Just a few up-to-date pictures of my girls  Not many of the old lady, shes not very photogenic bless her lol.
Hope you enjoy, comments/questions most welcome of course 
Aimee x


----------



## scosha37 (Feb 24, 2008)

Aww lovely pictures....

Looks like a dog we had years ago called Stig!... you got your hand full there gurl...:thumbup1:


----------



## Fleur (Jul 19, 2008)

They are both beautiful

The pup looks full of lots of energy and mischief.


----------



## Guest (Mar 10, 2009)

Gorgeous dogs....beautiful pics.


----------



## noushka05 (Mar 28, 2008)

Great pics, they are Gorgeous


----------



## Aimee-x (Dec 11, 2008)

Thanks guys  
Yeah Ruby (the pup) is a handful! lol
x


----------



## chaza80 (Feb 17, 2009)

lovely dogs :thumbup:


----------



## Luvdogs (Aug 15, 2008)

You have lovely dogs , really great pics


----------



## LostGirl (Jan 16, 2009)

aww cute pics!!


----------



## MissD (Mar 2, 2009)

Lovely piccies:yesnod:


----------



## Local_oaf1 (Sep 14, 2008)

What age is the old girl? Nice pics.


----------



## turkeylad (Mar 1, 2009)

*Absolutely fantastic pics *


----------



## Aimee-x (Dec 11, 2008)

Local_oaf1 said:


> What age is the old girl?
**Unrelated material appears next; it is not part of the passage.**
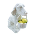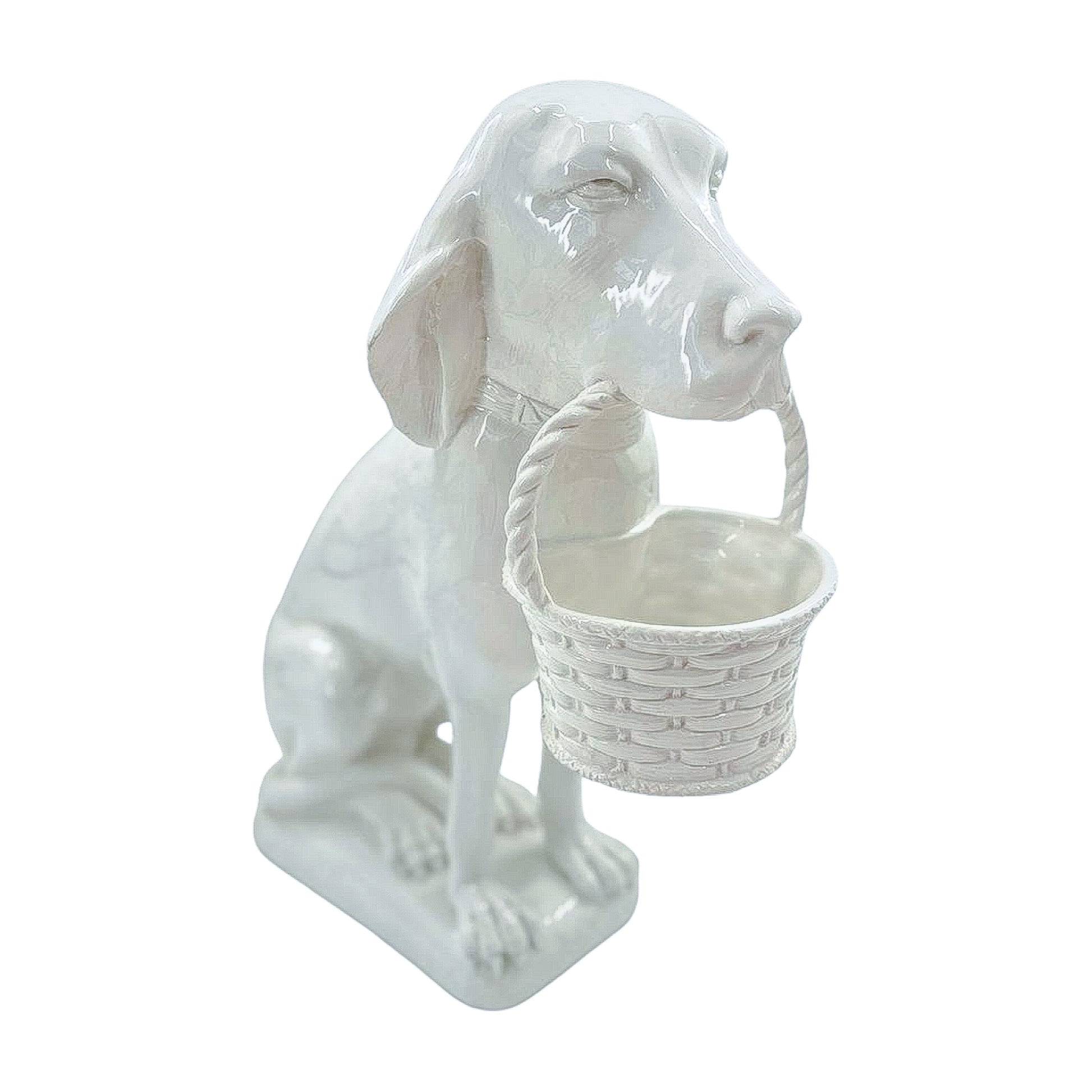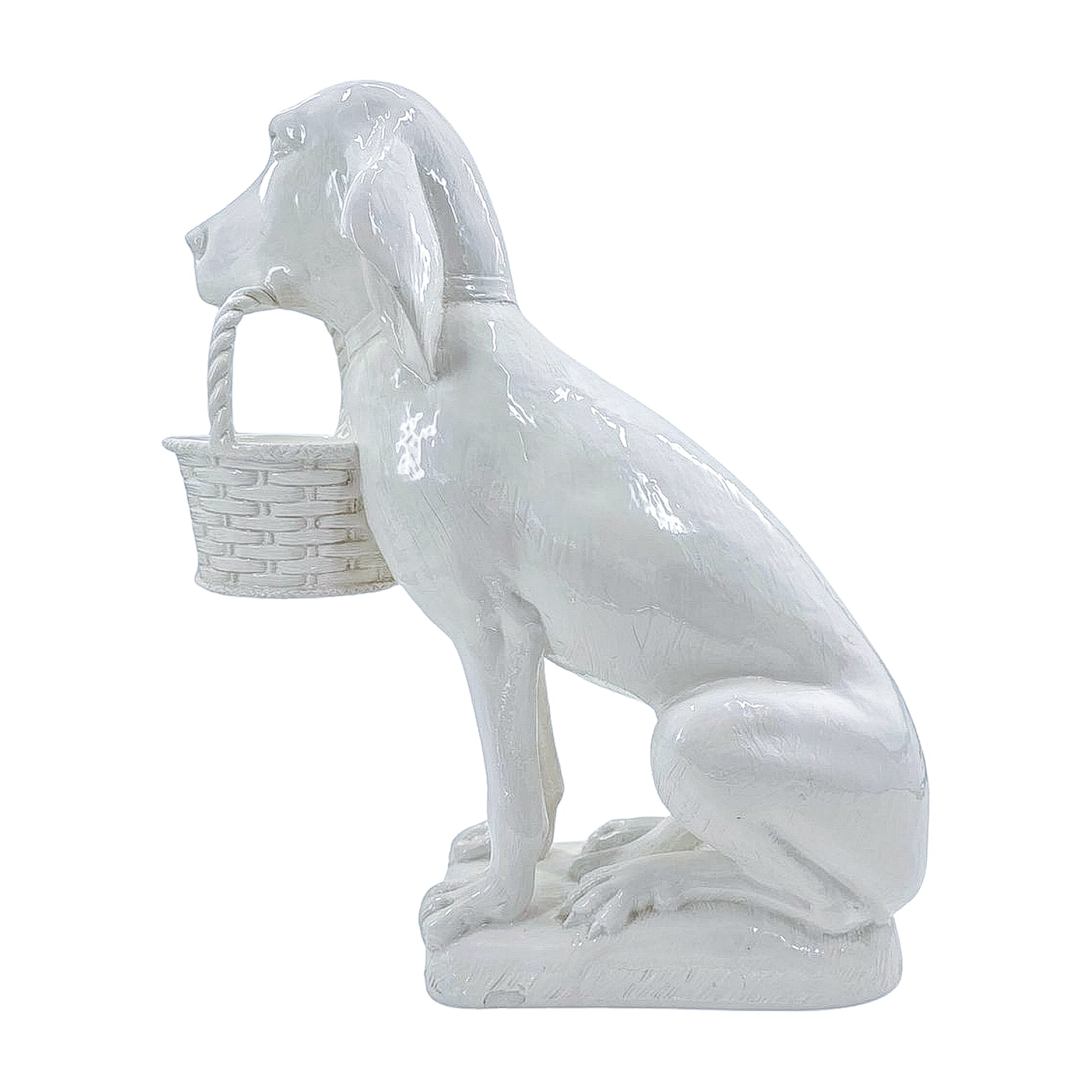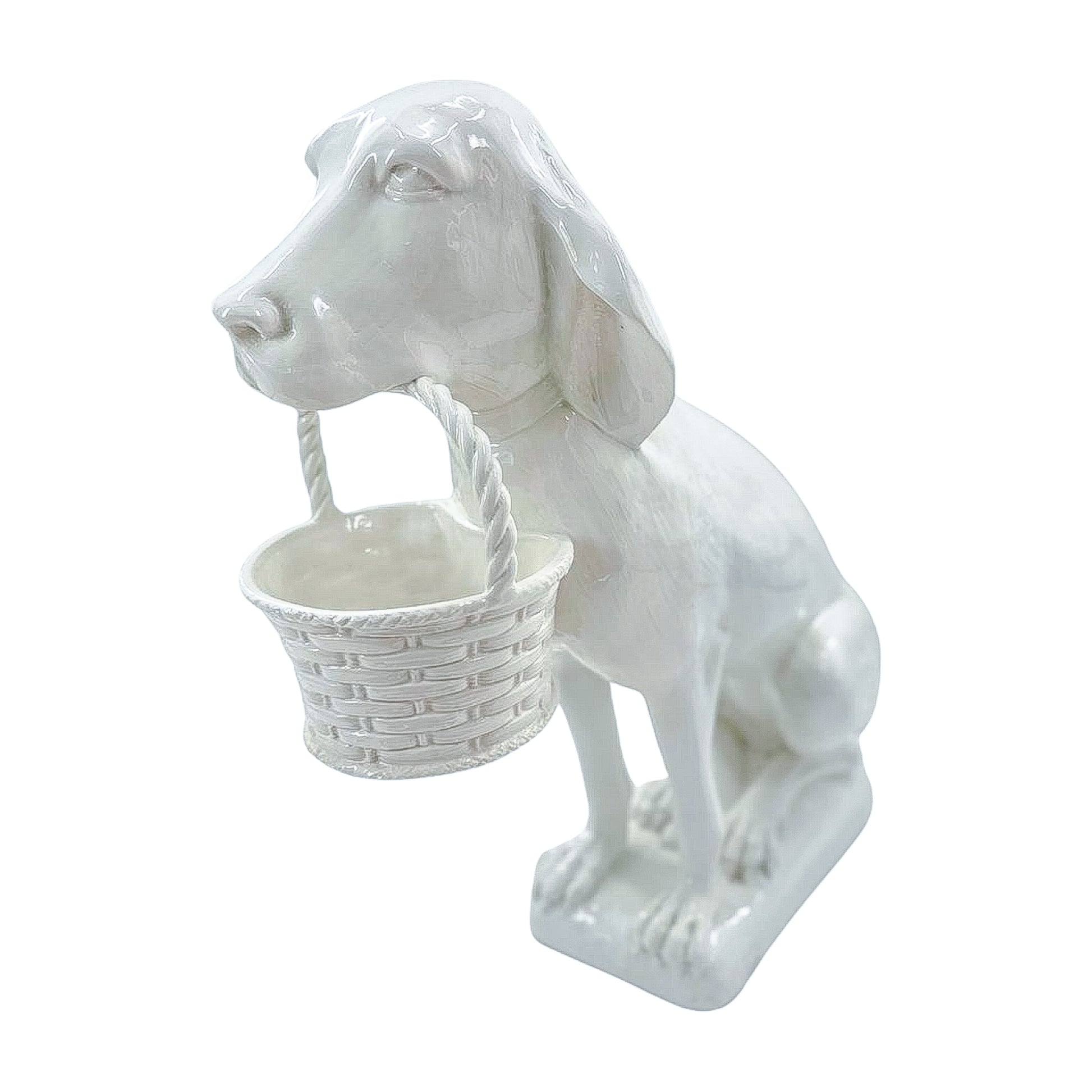 Endearing and elegant, this life-size porcelain dog figurine, marked “Italy,” gently holds a basket filled with removable ceramic lemons, crafted with delicate attention to detail and a glossy white finish. The serene expression and charming basket weave texture add character and grace, making it a darling companion for an entryway, sunroom, garden, or any welcoming space. Perfect for adding a whimsical yet sophisticated statement, this piece effortlessly combines charm and presence.

Nice pics.


Tilly, the old collie, is 17  
x


----------



## Local_oaf1 (Sep 14, 2008)

Aimee-x said:


> Tilly, the old collie, is 17
> x


 Looks in great shape for her age. :thumbup1:


----------



## Insane (Apr 19, 2008)

17 wow - was thinking she may not be one for the camera but she looks really cuddly!


----------



## LittleMissSunshine (Aug 31, 2008)

They are lovely!!!!!!!!!


----------



## Aimee-x (Dec 11, 2008)

thanks guys  
yeah im surprised how well shes aged to be honest, shes beautiful lol, grew up with her, were the same age lol. She's very special 
thanks again x


----------